Subgroup analysis and investigation of heterogeneity

We planned the following subgroup analyses for primary outcomes.

1. Group versus one‐to‐one interventions.

2. Person delivering the intervention (e.g. peer supported by an adolescent vs lay led by an adult).

3. Face‐to‐face versus remotely delivered interventions (e.g. over the Internet, by telephone).

We used the formal test for subgroup interactions provided in RevMan (RevMan 2014).

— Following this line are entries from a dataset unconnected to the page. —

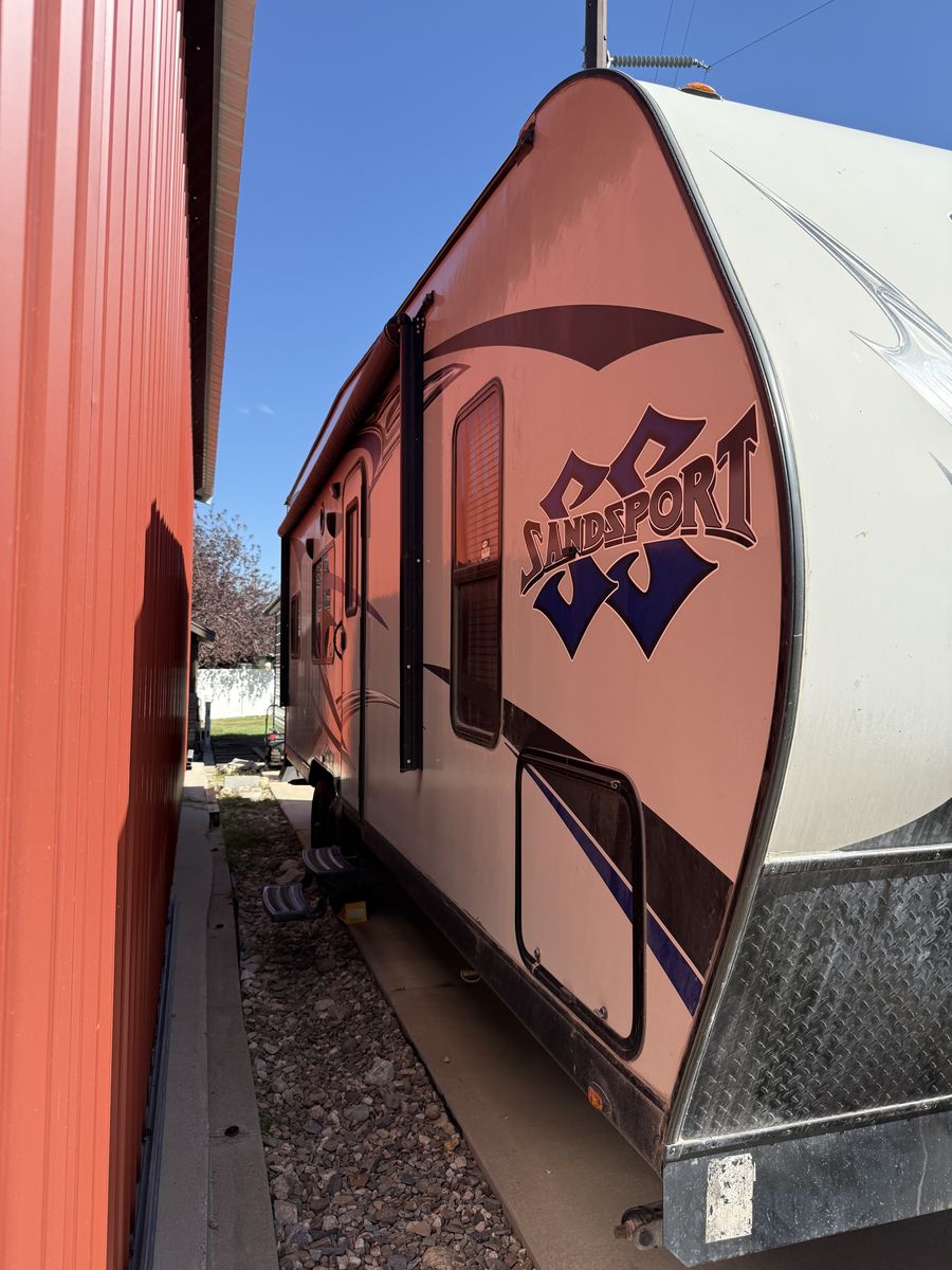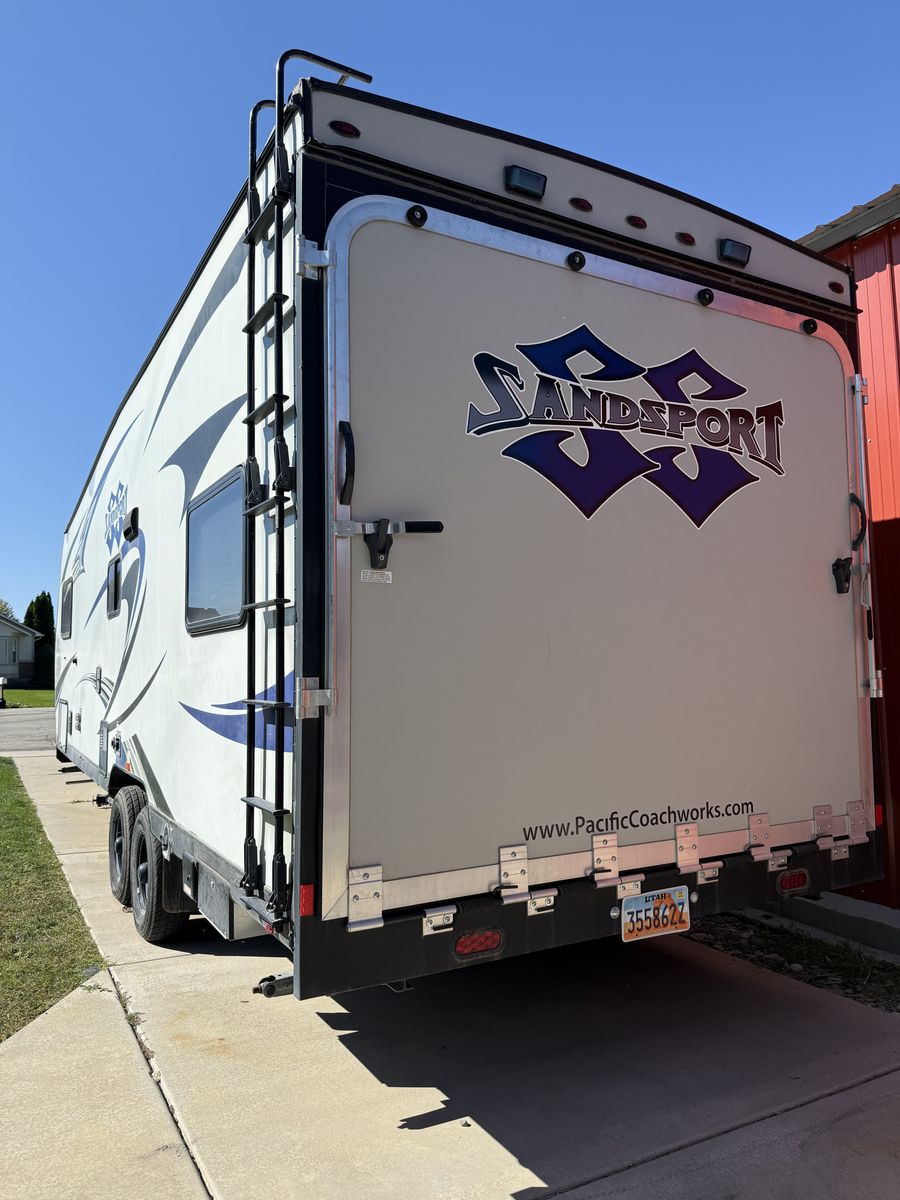 Nice trailer, we have owned it for 4 years. Has on board generator, solar panels, onboard fuel tank, outdoor pressure washer, power awning and powered front Jack, 2 queen beds and two fold down couch beds. Bathroom is also bigger than normal for a trailer this size. New tires purchased last spring, new batteries in the fall of 2024.
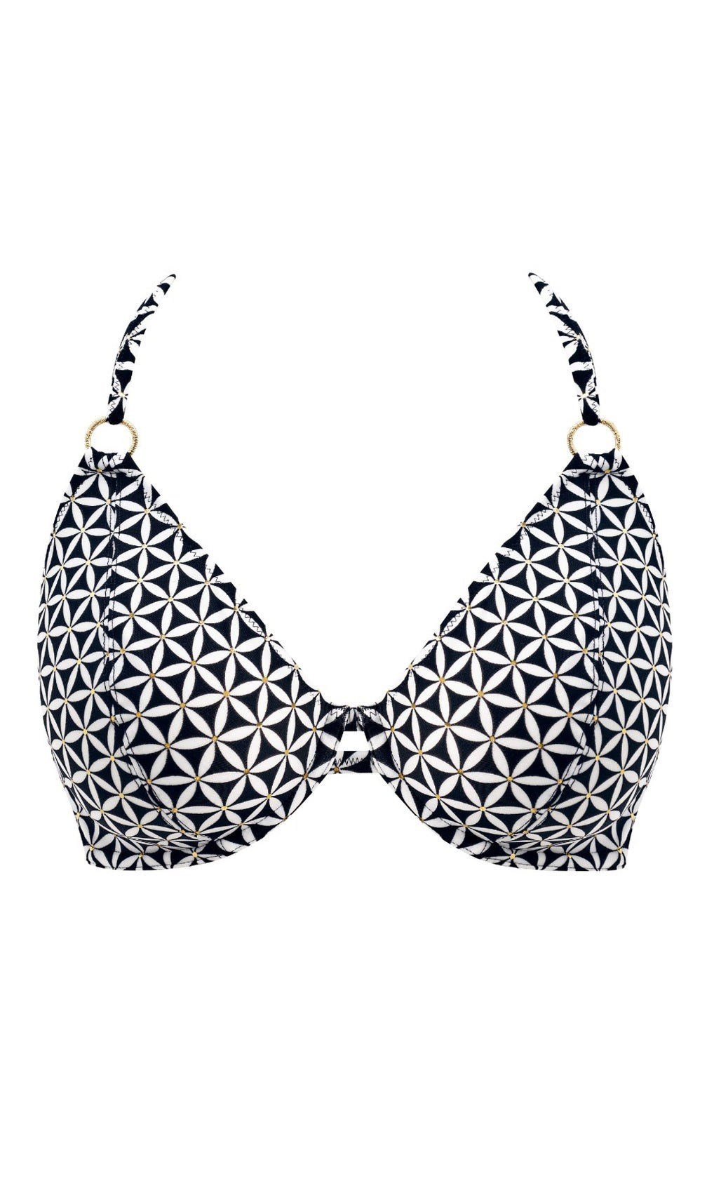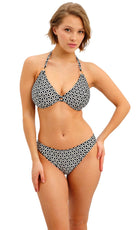 Koh Tao is bringing back the charm of vintage vacations for SS26, featuring a retro inspired monochrome print combined with gold coloured highlights for a modern twist. Select shapes are accented with textured, gold coloured rings for a luxe feel and the collection debuts our new Brazilian Brief, which offers a cheeky bottom coverage and a flattering back gather detail.
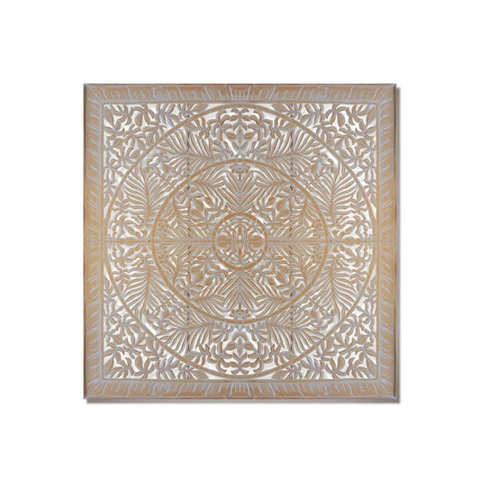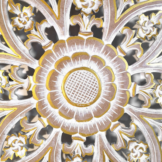 Hand Carved Queen Size Mandala Bed Headboard - 'Umadewi' in White Wash
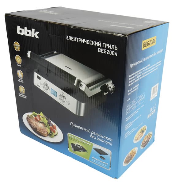 Гриль BBK BEG2004 прибыл к нам в фирменной коробке из прочного картона с качественной полноцветной полиграфией. На гранях упаковки размещены изображения самого прибора, а также описание его ключевых особенностей и технические характеристики. Ручки для переноски на коробке не предусмотрено.
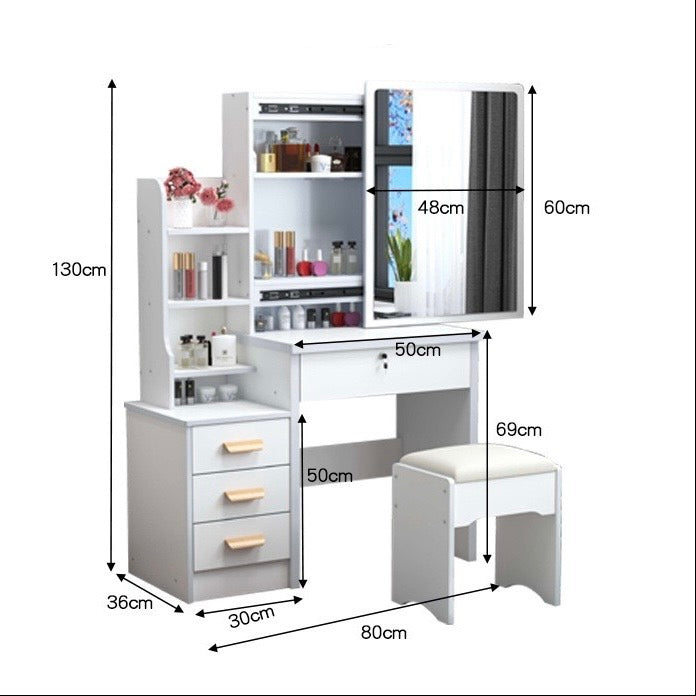 White Vanity Dressing Table Set - Glass Top, Drawers, Shelves, LED Lig

We did not intend to conduct a formal subgroup analysis on the basis of age unless studies used age criteria that do not overlap (e.g. 10 to 14 years of age and 15 to 19 years of age). Studies may recruit adolescents from a range of ages that would not fit predefined arbitrary categories.

We presented key characteristics of study populations and interventions in an additional table to display other potential sources of heterogeneity that could not be easily assessed in subgroups (Table 1), and we described key characteristics in the review text (e.g. mean age, healthcare setting, measures of asthma severity, frequency and duration of sessions, baseline social support).

Sensitivity analysis

We planned the following sensitivity analyses by removing the following from the primary analyses.

1. Studies at high risk of selection bias (judgement of high risk for either of the selection bias domains).

2. Unpublished data (provided by study authors or derived from non‐peer‐reviewed sources such as conference abstracts).

3. Studies that include a subset of ineligible participants (e.g. those younger or older than the predefined population).